A Theoretical Study of Alternative Mechanisms of Primary Reactions of Gas-Phase Thermal Decomposition of N-Methyl-N′-methoxydiazene-N-oxide. Part 1. N-Methyl-N′-methoxydiazene-N-oxide Structure and Reactions of Its Conformational Transitions
摘要
Four isomeric structures of the simplest representative of alkoxy-NNO-azoxy compounds—N-methyl-N'-methoxydiazene-N-oxide—have been studied using PBE, B3LYP, wB97XD, and wB97X density functional theory methods with different basis sets. The results confirm that the most energetically advantageous configuration of this compound is the Z conformation, where the C–(O)N=N–O–C moiety of the molecule is flat, and the oxygen atoms at the N=N double bond are cis to each other.

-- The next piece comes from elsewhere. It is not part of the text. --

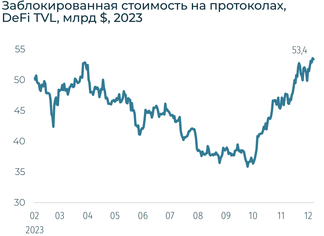 Solana. С начала года цена SOL выросла в 11 раз до $121,6, в т.ч. +61% за последнюю неделю. Для сравнения капитализация всего рынка за аналогичный период выросла всего на 117% и 8%. Капитализация SOL сейчас составляет $52,5 млрд, что помещает ее на 3-е место (ex. USDT). В ноябре 2022-го, когда биржа FTX обанкротилась, цена SOL упала с $30 до $15. Причина — слухи о связях и использовании Solana для преступных целей Сэмом Бэнкманом-Фридом. Однако несмотря на крах биржи, объемы торгов SOL (24 часа) выросли с того времени с $0,8 млрд до $5 млрд, количество активных пользователей с 0,6 тыс. до 0,8 тыс, а заблокированная стоимость (TVL) — с $0,4 млрд до $1,5 млрд

The configuration of the N-methyl-N'-methoxydiazene-N-oxide molecule corresponding to the E conformation, where the oxygen atoms at the N=N double bond are trans to each other, is less stable. This conclusion also applies to structures corresponding to two rotational mirror isomers of the Z conformation formed through the rotation of the CH3O group around the NO bond. The relative enthalpies of formation of the last three structures are about 17–18 kJ/mol higher than that of the Z conformer. Reactions of mutual transformation of N-methyl-N'-methoxydiazene-N-oxide isomers have been studied. Transition states have been found, and reaction barriers have been calculated at two temperatures, under normal conditions and at the average temperature of the existing experimental study. In addition to the above density functional theory methods, the composite G4 method was also used. All methods used in the work give consistent results. Comparison of the calculated reaction barriers of conformational transitions with the experimentally determined enthalpy of activation of the gas-phase thermal decomposition of N-methyl-N'-methoxydiazene-N-oxide enables the conclusion that the studied processes may compete with other alternative thermal degradation channels of this compound. However, the final answer in this matter can be given only after a detailed study of the secondary processes. The article is dedicated to the memory of Shamov Alexandr Georgievich.